In [9]:
import cv2
import numpy as np

def yolo(frame, size, score_threshold, nms_threshold, gpu):
    # YOLO 네트워크 불러오기
    net = cv2.dnn.readNet(f"yolo_weights_cfg/yolov4.weights", "yolo_weights_cfg/yolov4.cfg")
    
    if gpu:
        net.setPreferableBackend(cv2.dnn.DNN_BACKEND_CUDA)
        net.setPreferableTarget(cv2.dnn.DNN_TARGET_CUDA)
    else : 
        pass
    layer_names = net.getLayerNames()
    output_layers = [layer_names[i[0] - 1] for i in net.getUnconnectedOutLayers()]

    # 클래스의 갯수만큼 랜덤 RGB 배열을 생성
    colors = np.random.uniform(0, 255, size=(len(classes), 3))

    # 이미지의 높이, 너비, 채널 받아오기
    height, width, channels = frame.shape

    # 네트워크에 넣기 위한 전처리
    blob = cv2.dnn.blobFromImage(frame, 0.00392, (size, size), (0, 0, 0), True, crop=False)

    # 전처리된 blob 네트워크에 입력
    net.setInput(blob)

    # 결과 받아오기
    outs = net.forward(output_layers)

    # 각각의 데이터를 저장할 빈 리스트
    class_ids = []
    confidences = []
    boxes = []
    output_bbox = []
    for out in outs:
        for detection in out:
            scores = detection[5:]
            class_id = np.argmax(scores)
            confidence = scores[class_id]

            if confidence > 0.1:
                # 탐지된 객체의 너비, 높이 및 중앙 좌표값 찾기
                center_x = int(detection[0] * width)
                center_y = int(detection[1] * height)
                w = int(detection[2] * width)
                h = int(detection[3] * height)

                # 객체의 사각형 테두리 중 좌상단 좌표값 찾기
                x = int(center_x - w / 2)
                y = int(center_y - h / 2)

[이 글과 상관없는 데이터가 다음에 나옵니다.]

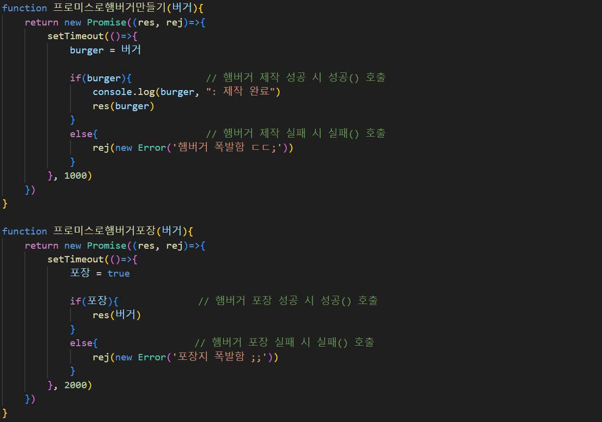 프로미스를 이용하여 햄버거만들기와 햄버거포장 함수를 만들 때도

                boxes.append([x, y, w, h])
                confidences.append(float(confidence))
                class_ids.append(class_id)

    # 후보 박스(x, y, width, height)와 confidence(상자가 물체일 확률) 출력
    print(f"boxes: {boxes}")
    print(f"confidences: {confidences}")


    # Non Maximum Suppression (겹쳐있는 박스 중 confidence 가 가장 높은 박스를 선택)
    indexes = cv2.dnn.NMSBoxes(boxes, confidences, score_threshold=score_threshold, nms_threshold=nms_threshold)
    
    # 후보 박스 중 선택된 박스의 인덱스 출력
    print(f"indexes: ", end='')
    for index in indexes:
        print(index, end=' ')
    print("\n\n============================== classes ==============================")
    label_list = []
    for i in range(len(boxes)):
        if i in indexes:
            x, y, w, h = boxes[i]
            class_name = classes[class_ids[i]]
            label = f"{class_name} {confidences[i]:.2f}"
            color = colors[class_ids[i]]

            # 사각형 테두리 그리기 및 텍스트 쓰기
            cv2.rectangle(frame, (x, y), (x + w, y + h), color, 2)
            cv2.rectangle(frame, (x - 1, y), (x + len(class_name) * 13 + 65, y - 25), color, -1)
            cv2.putText(frame, label, (x, y - 8), cv2.FONT_HERSHEY_COMPLEX_SMALL, 1, (0, 0, 0), 2)
            
            # 탐지된 객체의 정보 출력
            print(f"[{class_name}({i})] conf: {confidences[i]} / x: {x} / y: {y} / width: {w} / height: {h}")
            output_bbox.append([x, y, w, h])
            label_list.append(label)

    return frame, output_bbox, label_list

In [10]:
classes = ["person", "bicycle", "car", "motorcycle",
           "airplane", "bus", "train", "truck", "boat", "traffic light", "fire hydrant",
           "stop sign", "parking meter", "bench", "bird", "cat", "dog", "horse",
           "sheep", "cow", "elephant", "bear", "zebra", "giraffe", "backpack",
           "umbrella", "handbag", "tie", "suitcase", "frisbee", "skis",
           "snowboard", "sports ball", "kite", "baseball bat", "baseball glove", "skateboard",
           "surfboard", "tennis racket", "bottle", "wine glass", "cup", "fork", "knife",
           "spoon", "bowl", "banana", "apple", "sandwich", "orange", "broccoli", "carrot", "hot dog",
           "pizza", "donut", "cake", "chair", "couch", "potted plant", "bed", "dining table",
           "toilet", "tv", "laptop", "mouse", "remote", "keyboard",
           "cell phone", "microwave", "oven", "toaster", "sink", "refrigerator",
           "book", "clock", "vase", "scissors", "teddy bear", "hair drier", "toothbrush"]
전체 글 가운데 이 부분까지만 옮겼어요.